• THE TASK
Once the pictures have been removed, repeat the remainder of the records exactly.

• DATA TO PROCESS

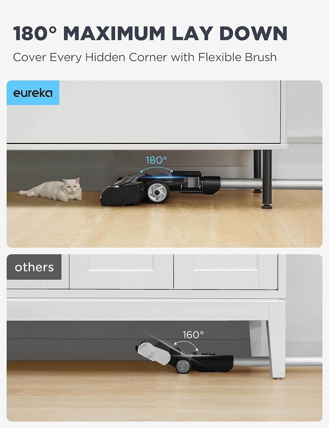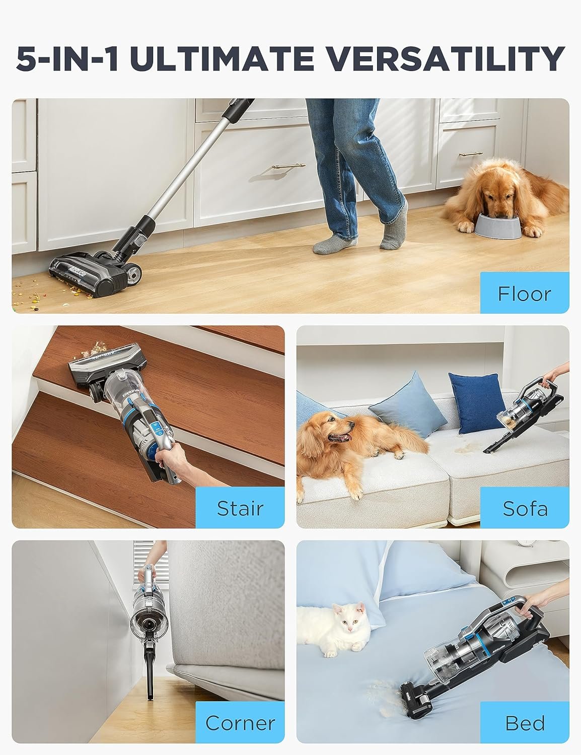 【Ideal For Pet Family】The specially designed motorized pet tool, with de-tangling brush deep cleans long hair and pet hair on carpets and hard floors. The flexible self-adaptive swivel head effectively fix on uneven surfaces, which is conducive to tackle dust, debris, and hair. Meanwhile, its independent motor provides extra suction power for difficult-to-clean items such as cat litter and food.
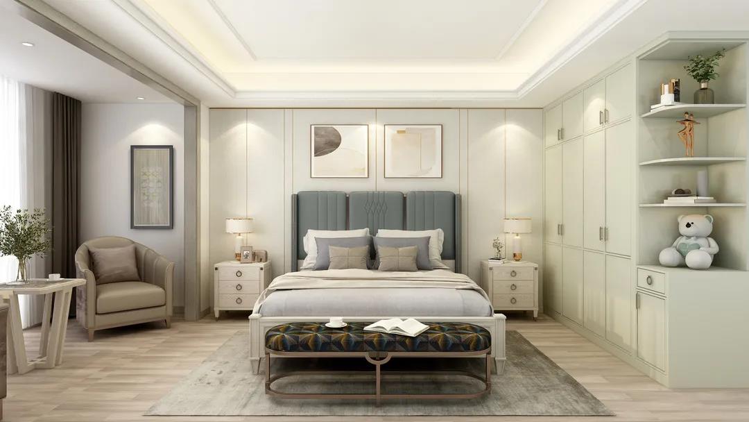 床尾凳的嵌入藍(lán)與床頭色調(diào)相呼應(yīng),
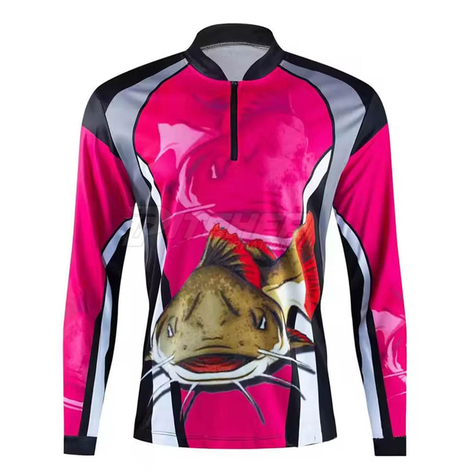 Chemise zippée de pêche respirante 100% polyester, tissu doux au toucher, coupe confortable, UPF 50, utilisation en extérieur
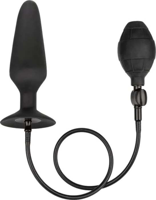 Nadmuchiwany plug analny CALEXOTICS XL wykonany z gładkiej, bezzapachowej sylikony. Daje regulowaną objętość dzięki odłączalnemu wężyku i gruszce, a po napompowaniu utrzymuje rozmiar bez wężyka. Dla osób, które chcą kontrolować szerokość i szukają solidnej podstawy z przyssawką do zabawy bez ramiączek.
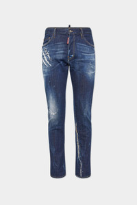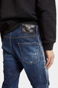 - PRODUCT ID: S74LB1559S30342470 - STRETCH DENIM 5 POCKET PANTS - WASH: USED WITH WEAR-AND-TEAR AND RIPS - SINGLE BUTTON WAISTBAND - LOGOED LABEL SEWN ON THE FLY - LEATHER LABEL SEWN ON THE BACK - CONTRASTING TWO-NEEDLE STITCHING - FIT: SLIM - MADE IN ITALY FABRIC 98% COTTON, 2% ELASTANE APPLICATION: 100% CALF LEATHER The Cool Guy Slim fit jean features specially created scuffs and stains. This model is recommended for looks with a rock soul and is easy to pair with leather garments.
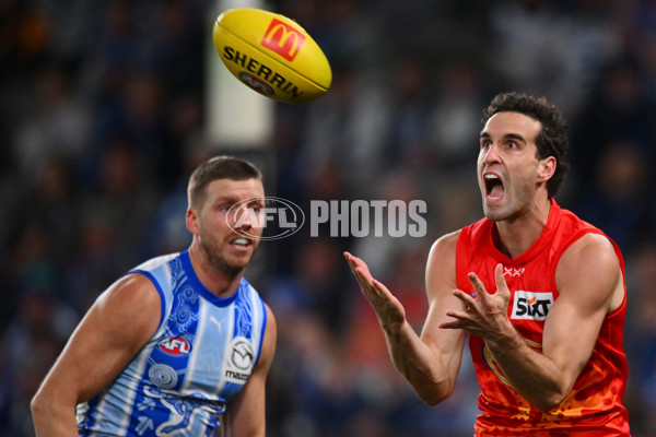 MELBOURNE, AUSTRALIA - JULY 06: Ben King of the Suns marks the ball during the round 17 AFL match between North Melbourne Kangaroos and Gold Coast Suns at Marvel Stadium, on July 06, 2024, in Melbourne, Australia. (Photo by Morgan Hancock/AFL Photos)
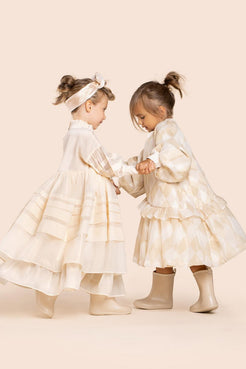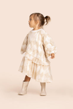 Rather epic harlequin pattern on both sheer top layer and cozy terry lining creates a cool optical illusion of constant movement. Hi-low diagonal skirt cut and puffy sleeves add to the edgy vibe. Also available in baby girls sizes!

• EXERCISE ANSWER
 【Ideal For Pet Family】The specially designed motorized pet tool, with de-tangling brush deep cleans long hair and pet hair on carpets and hard floors. The flexible self-adaptive swivel head effectively fix on uneven surfaces, which is conducive to tackle dust, debris, and hair. Meanwhile, its independent motor provides extra suction power for difficult-to-clean items such as cat litter and food.
 床尾凳的嵌入藍(lán)與床頭色調(diào)相呼應(yīng),
 Chemise zippée de pêche respirante 100% polyester, tissu doux au toucher, coupe confortable, UPF 50, utilisation en extérieur
 Nadmuchiwany plug analny CALEXOTICS XL wykonany z gładkiej, bezzapachowej sylikony. Daje regulowaną objętość dzięki odłączalnemu wężyku i gruszce, a po napompowaniu utrzymuje rozmiar bez wężyka. Dla osób, które chcą kontrolować szerokość i szukają solidnej podstawy z przyssawką do zabawy bez ramiączek.
 - PRODUCT ID: S74LB1559S30342470 - STRETCH DENIM 5 POCKET PANTS - WASH: USED WITH WEAR-AND-TEAR AND RIPS - SINGLE BUTTON WAISTBAND - LOGOED LABEL SEWN ON THE FLY - LEATHER LABEL SEWN ON THE BACK - CONTRASTING TWO-NEEDLE STITCHING - FIT: SLIM - MADE IN ITALY FABRIC 98% COTTON, 2% ELASTANE APPLICATION: 100% CALF LEATHER The Cool Guy Slim fit jean features specially created scuffs and stains. This model is recommended for looks with a rock soul and is easy to pair with leather garments.
 MELBOURNE, AUSTRALIA - JULY 06: Ben King of the Suns marks the ball during the round 17 AFL match between North Melbourne Kangaroos and Gold Coast Suns at Marvel Stadium, on July 06, 2024, in Melbourne, Australia. (Photo by Morgan Hancock/AFL Photos)
 Rather epic harlequin pattern on both sheer top layer and cozy terry lining creates a cool optical illusion of constant movement. Hi-low diagonal skirt cut and puffy sleeves add to the edgy vibe. Also available in baby girls sizes!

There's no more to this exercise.